» **Activity**
Copy out precisely the lines of the material that follows, beginning with the line containing "As evening arrives, the" and ending with its last line; exclude pictures.

» **Information supplied**
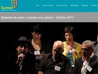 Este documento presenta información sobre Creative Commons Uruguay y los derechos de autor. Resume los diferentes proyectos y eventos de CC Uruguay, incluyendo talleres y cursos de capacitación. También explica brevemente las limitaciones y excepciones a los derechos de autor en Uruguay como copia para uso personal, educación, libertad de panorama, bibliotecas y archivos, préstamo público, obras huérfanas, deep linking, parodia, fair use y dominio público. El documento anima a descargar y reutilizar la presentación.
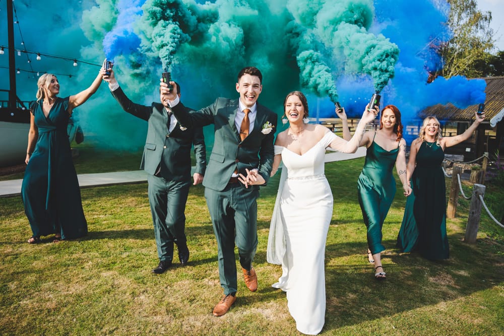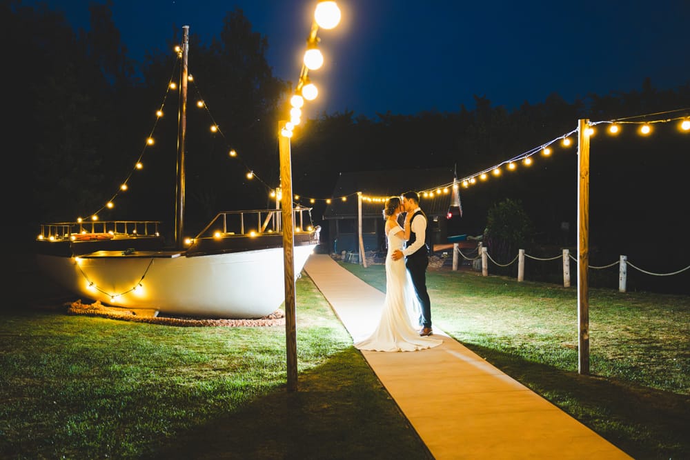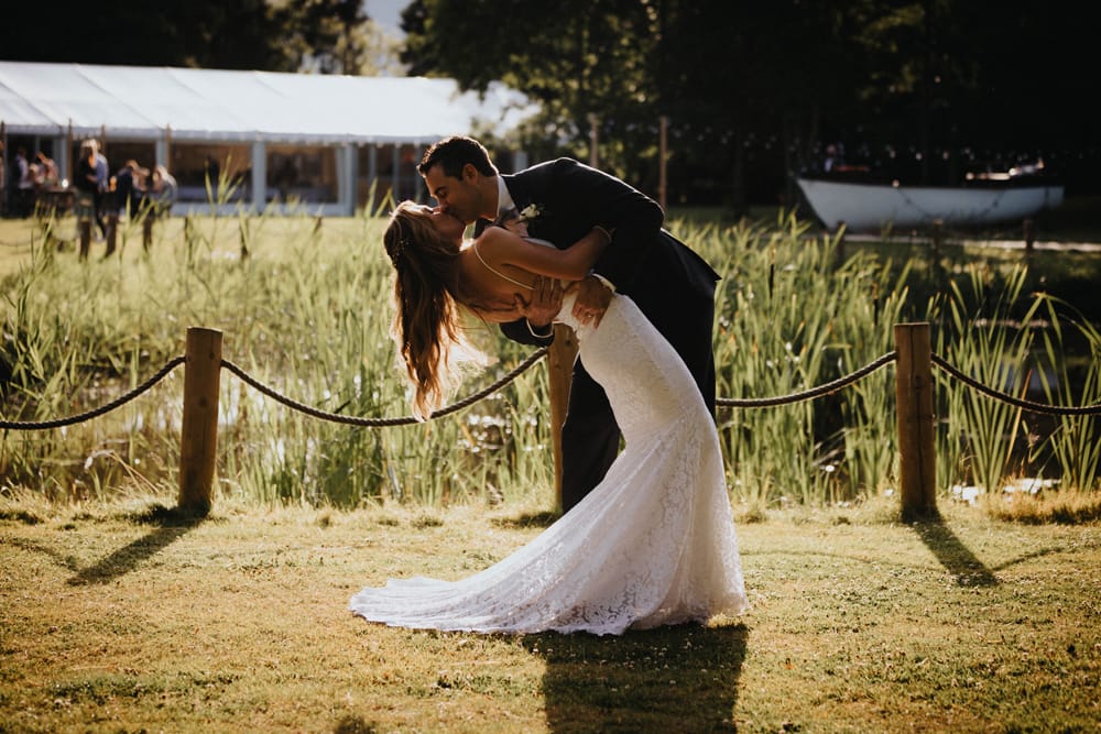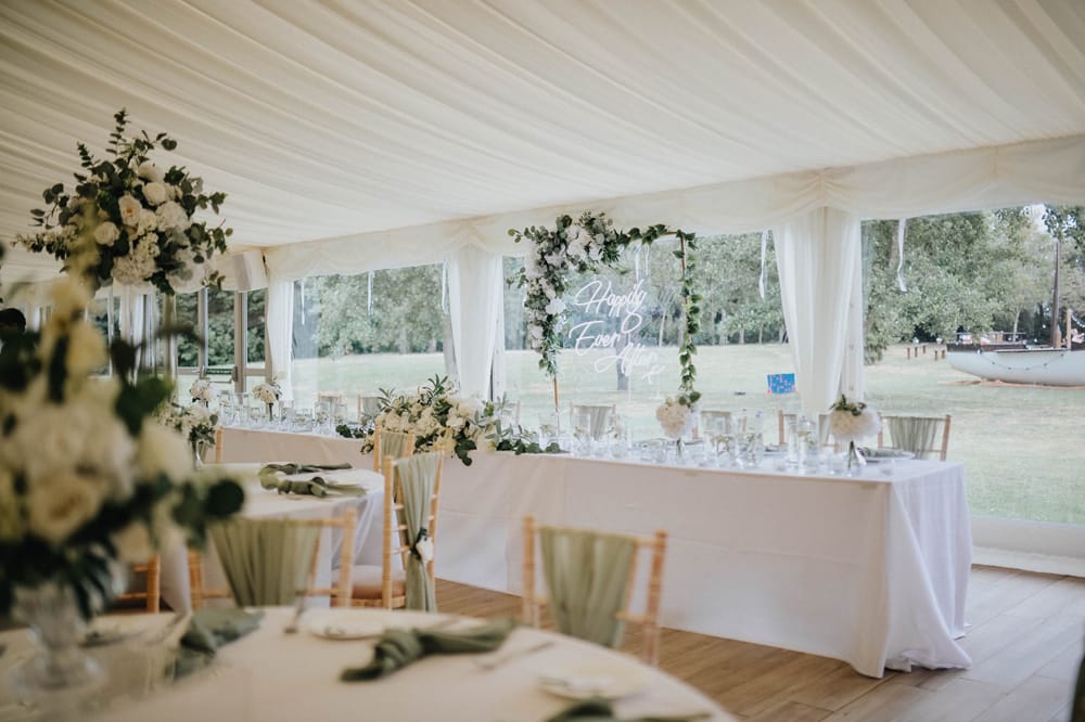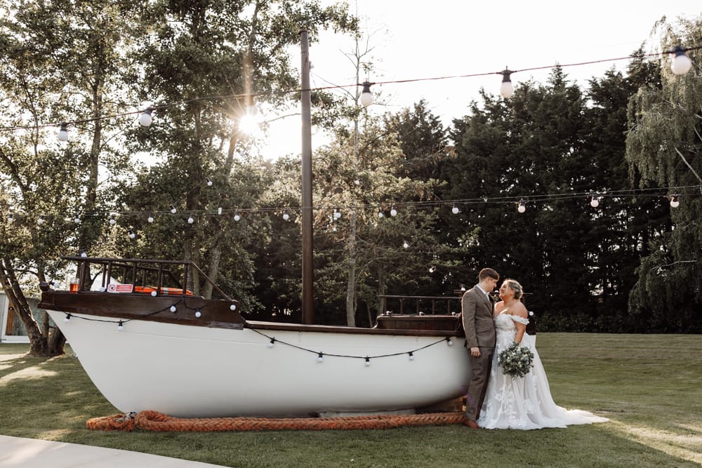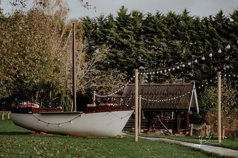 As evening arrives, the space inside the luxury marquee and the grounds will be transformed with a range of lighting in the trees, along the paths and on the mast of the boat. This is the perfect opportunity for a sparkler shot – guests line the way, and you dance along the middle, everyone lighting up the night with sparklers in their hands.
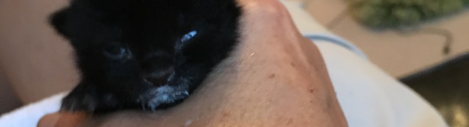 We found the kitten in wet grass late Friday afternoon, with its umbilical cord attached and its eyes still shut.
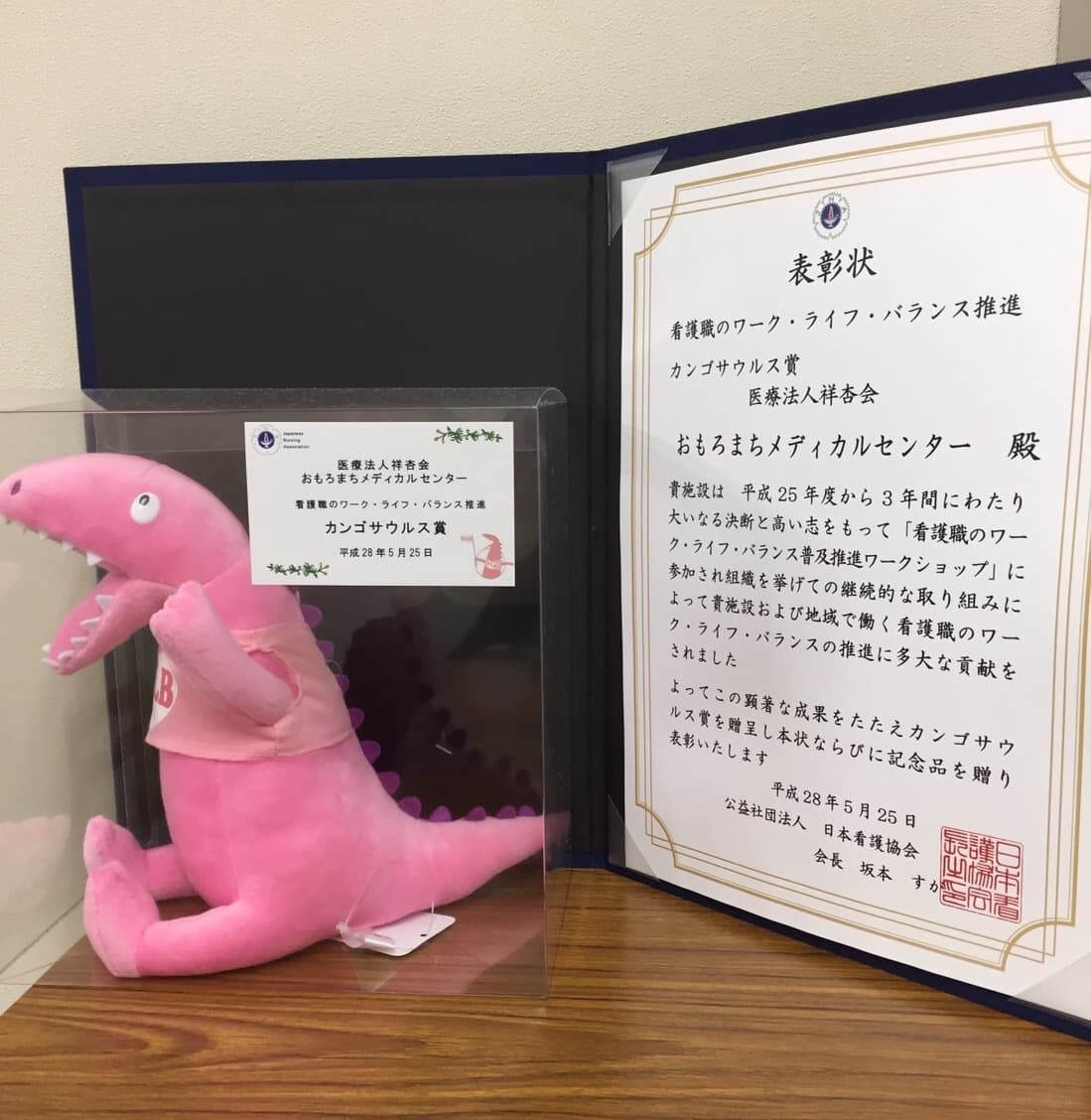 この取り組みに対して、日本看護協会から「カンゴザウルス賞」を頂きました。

» **Solution**
 As evening arrives, the space inside the luxury marquee and the grounds will be transformed with a range of lighting in the trees, along the paths and on the mast of the boat. This is the perfect opportunity for a sparkler shot – guests line the way, and you dance along the middle, everyone lighting up the night with sparklers in their hands.
 We found the kitten in wet grass late Friday afternoon, with its umbilical cord attached and its eyes still shut.
 この取り組みに対して、日本看護協会から「カンゴザウルス賞」を頂きました。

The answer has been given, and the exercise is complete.